Space For Rent

Space For Rent
Thursday, July 2, 2015, Ashar 18, 1422 BS, Ramadan 14, 1436 Hijr


Two ministers who should quit on moral grounds
Syed Badrul Ahsan
Published : Thursday, 2 July, 2015,  Time : 3:55 AM,  View Count : 119
Food Minister Quamrul Islam remains in denial mode about the quality of the wheat recently imported from Brazil. He has informed citizens through the media that the entire issue has been the result of someone showing the prime minister some bad portions of the grain which inevitably led to her expression of displeasure. As if that were not enough, the minister told the country that a fresh new consignment of wheat from Brazil had been sent back because the quality was not good. That puts the minister in a difficult situation of his own making. On the one hand, he goes on defending the wheat that has already caused so much of uproar in the country. On the other, he speaks of a second consignment being below standard and therefore unacceptable.

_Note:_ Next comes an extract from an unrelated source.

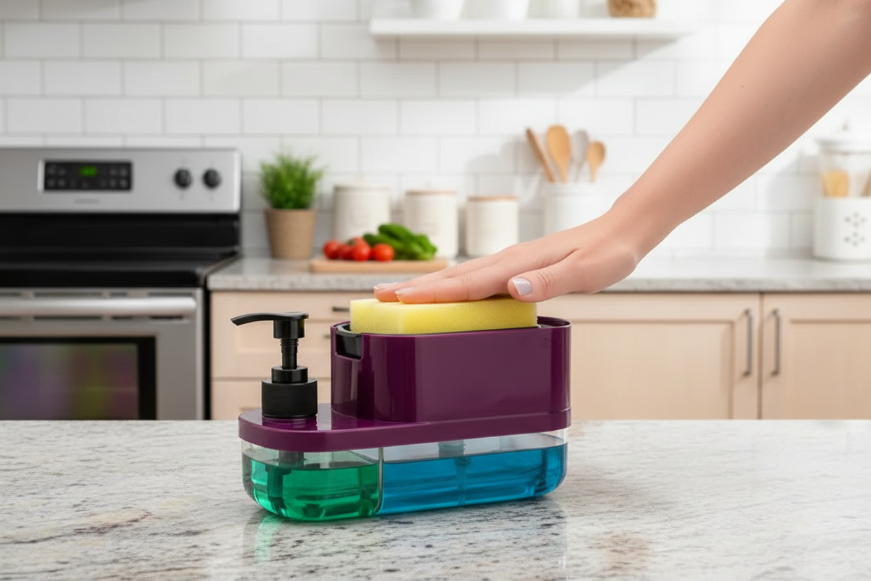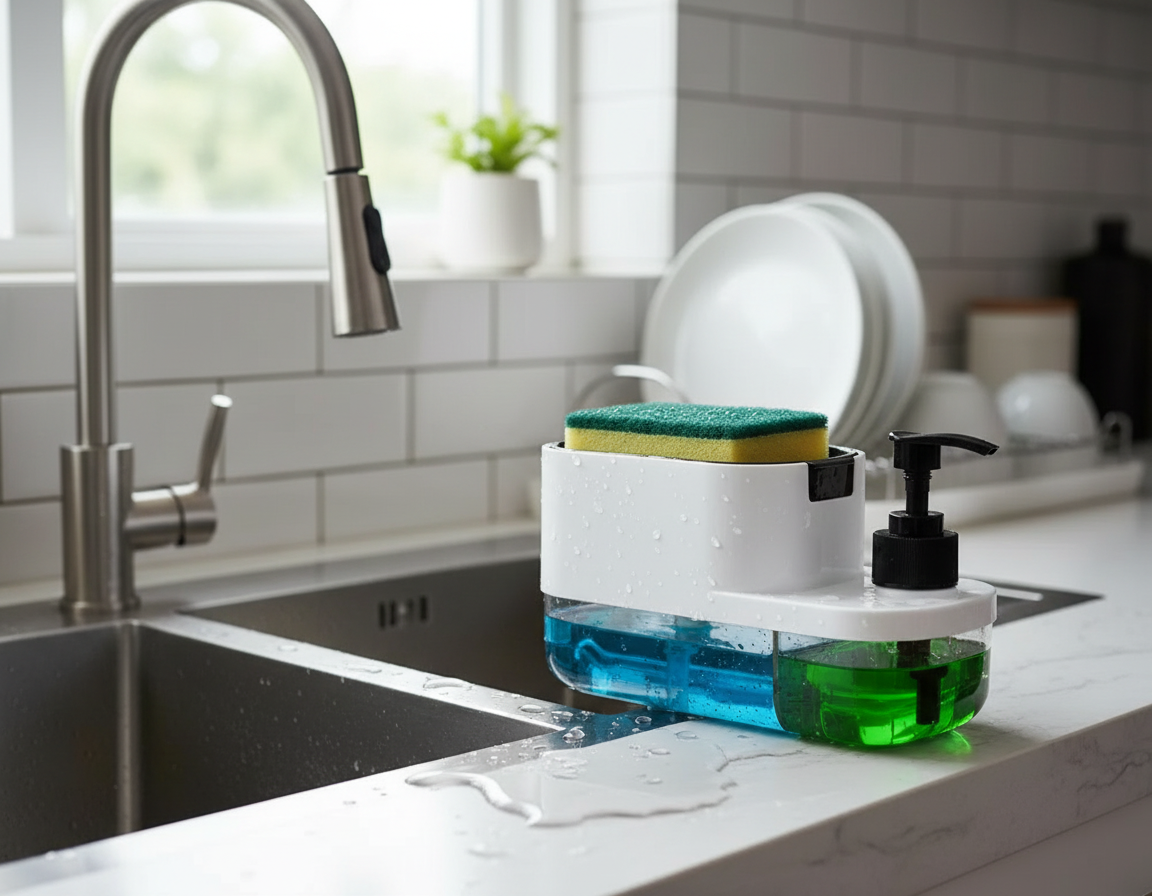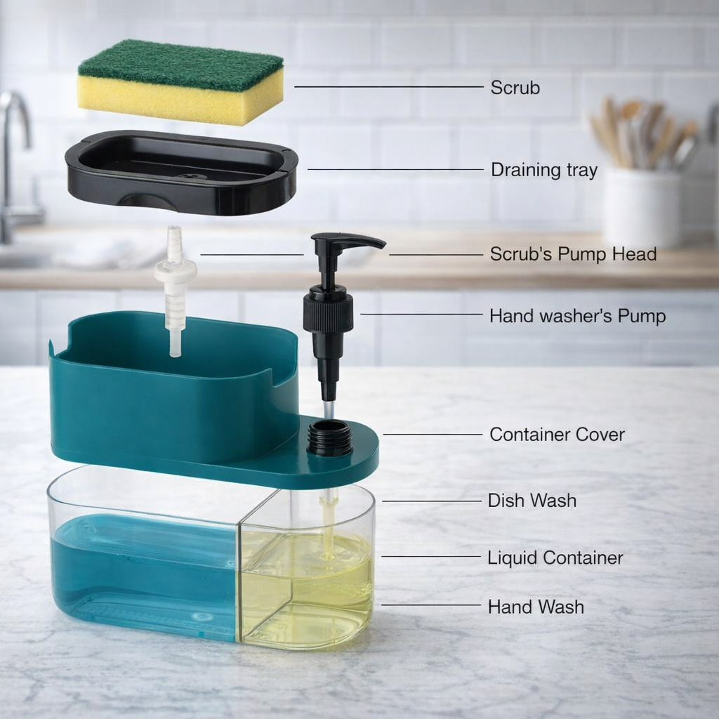 Upgrade your kitchen cleaning routine with the innovative 3-in-1 Kitchen Soap Dispenser, the ultimate all-in-one solution for a clutter-free and efficient sink area. Designed with practicality, durability, and modern aesthetics in mind, this multifunctional dispenser transforms the way you organize your soaps, sponges, and dishwashing essentials. Combining convenience with style, it is the perfect addition to any kitchen, whether you are a busy professional, a home cook, or someone who simply values order and efficiency. This multifunctional soap dispenser is engineered with dual liquid compartments that allow you to store two types of liquids simultaneously—ideal for dishwashing liquid and hand soap. The clear compartments are color-coded with green and blue liquid storage, making it simple to identify the soap you need at a glance. No more guessing which bottle to grab, and no more extra clutter around your sink. Each compartment is spacious enough to hold a generous amount of liquid, reducing the frequency of refills and ensuring your kitchen remains ready for everyday use. The built-in pump mechanism is ergonomically designed for effortless operation. A simple press delivers the perfect amount of soap every time, helping to reduce waste and prevent messy spills. Unlike traditional bottles, this dispenser provides a controlled flow, so you can achieve efficient cleaning without overusing soap. The smooth and responsive pump is designed to last, standing up to daily kitchen tasks without losing its effectiveness or reliability. One of the most practical features of this 3-in-1 dispenser is its integrated sponge holder. The holder keeps your sponge upright, allowing it to drain and dry quickly, which reduces the growth of bacteria and keeps your kitchen more sanitary. No more soggy, smelly sponges sitting on your countertop. The thoughtful design ensures that the sponge stays within reach while keeping your sink area organized and visually appealing. Crafted from high-quality, shatter-resistant plastic, this soap dispenser is built to last. Its glossy finish and modern design add a touch of elegance to your kitchen countertop, blending seamlessly with any decor style. The durable material resists cracks and leaks, ensuring long-term use without compromising functionality. Additionally, the transparent compartments allow you to monitor soap levels easily, so you’ll never run out unexpectedly. Space efficiency is a key feature of this multifunctional dispenser. Its compact footprint fits comfortably on any sink or countertop, maximizing available space without cluttering your kitchen. The thoughtful design makes it perfect for small kitchens, apartments, or even office kitchenettes. By combining multiple functions into one unit, it eliminates the need for multiple bottles and accessories, streamlining your cleaning supplies into one neat, convenient station. Refilling is simple and mess-free. Each compartment features an easy-to-access top opening, allowing for fast and efficient refills without removing the entire unit from the sink. This ease of maintenance ensures that the dispenser remains both functional and hygienic at all times. Its straightforward design requires no complicated setup, making it ideal for anyone, regardless of age or experience. The 3-in-1 Kitchen Soap Dispenser is not only practical but also versatile. While primarily designed for kitchen use, it can also be used in bathrooms or laundry areas for organizing hand soap, dish soap, or cleaning liquids. Its multifunctionality makes it a smart investment for any household, providing long-term value and convenience. This product also makes a thoughtful gift. Whether for housewarmings, weddings, or holidays, the sleek design and functional benefits make it an ideal present for friends and family. By helping someone organize their kitchen and simplify cleaning, you provide both practicality and style in one elegant package. In summary, this 3-in-1 Kitchen Soap Dispenser combines functionality, style, and convenience into one compact and efficient unit. With dual liquid compartments, a built-in sponge holder, durable construction, and easy-to-use pump mechanism, it is designed to simplify your kitchen chores while keeping your sink area neat and attractive. Enhance your daily cleaning routine, reduce clutter, and enjoy a more organized kitchen with this indispensable kitchen accessory. Invest in this multifunctional soap dispenser today and experience the perfect blend of efficiency, hygiene, and aesthetic appeal. With its thoughtful design and practical features, it promises to become an essential part of your kitchen, saving time, space, and effort every day. Whether for personal use or as a gift, this 3-in-1 soap dispenser is a must-have solution for modern kitchens that value both functionality and style.

Clearly, the food minister has compromised himself. Media reports on the purported dissatisfaction of police and BGB personnel over the quality of the Brazilian wheat, once they spilled over into the public domain, should have sent out an unambiguous message to the minister: it was time to acknowledge the scandal instead of trying to convince citizens that what was rotten was in fact edible. The moral course for Minister Quamrul Islam should have been to take responsibility for the scam and get out of the cabinet through submitting his resignation to the prime minister. He has done neither, which means the government continues to reel from the ramifications of the wheat scam. Scandals do not die off easily.
There is then the embarrassment being caused to the government and the country at large by the continued presence of Disaster Management and Relief Minister Mofazzal Hossain Chowdhury Maya in the government despite the recent judicial pronouncement on his corruption-related case. While from a strictly legal standpoint Maya may not feel he has to resign because final judgment has not yet been served on him, there yet remains the morality question. With the Supreme Court reversing the acquittal of the minister by the High Court in a corruption case, the minister's moral standing in the government has unquestionably been jeopardised. And we say that because the minister's reputation has in the past many months already taken a beating over the alleged involvement of his son-in-law, an officer of the Rapid Action Battalion, in the seven-murder case in Narayanganj. It was expected at the time that Minister Maya would voluntarily leave the cabinet in light of his family getting entangled in the crime. He chose to stay on, in lame duck manner. And now, despite the SC pronouncement, he refuses to go.
Once again, it is the government that has been left red in the face. The reluctance of the minister to resign and equally the unwillingness of the government to ask him to go disseminate a rather negative message to the country, which is that the powerful may commit wrong or may be seen to commit wrong and yet will doggedly carry on in office despite their decline in public esteem.
The story around Abdul Latif Siddique is somewhat different and yet continues to be a matter of concern. Having been made to leave the cabinet months ago following some indiscreet remarks that aroused the ire of devout citizens, he is now out on bail. No more a minister, he is at the same time out of the ruling Awami League presidium. Indeed, he is no more a member of the Awami League. Curiously, however, his membership of the Jatiya Sangsad remains. Technically, therefore, Latif Siddique is within his rights to make his entry into the parliament chamber and resume his position as a lawmaker. Neither parliament nor the ruling party has deemed it necessary to clarify the situation here. If Latif Siddique has been expelled from the Awami League, how does he continue to be an MP? Or did he automatically stand divested of his parliamentary seat once his party showed him the door? If that was the case, where did the process of a by-election go?
These three instances of Awami League ministers not taking moral responsibility for their lapses in the performance of their jobs do not bode well for the government. Additionally, they set a bad precedent for the future, thus damaging the entire concept of power exercised with responsibility.
And yet it was not like this before. During her first term in office, Prime Minister Sheikh Hasina had a deputy minister, Afsaruddin Ahmad, quit the government once he was spotted committing wrong. In recent times, Suranjit Sengupta resigned when he became embroiled in a financial scandal. Syed Abul Hossain left the government even before his guilt in a corruption-related case could be proved. Nothing was ever proved. The prime minister lost no time in ensuring that Latif Siddique was no more part of her government.
These are instances of decisive action, either by the prime minister or by tainted ministers on their own. Such action is necessary when a government gets weighed down by the baggage of ministers coming under a cloud. Today, the point is a simple one: the prime minister does not need her tainted ministers in order to be able to function as head of government. On the contrary, it is her tainted ministers who need her to feel safe and secure. The prime minister does not have to indulge them. She can ask them to resign on grounds of moral propriety. Or, if they do not go on their own, exercise her fiat in removing them from the cabinet.
Transparent politics is necessary. And integrity of government is of critical importance. Let these two principles be upheld, firmly and always.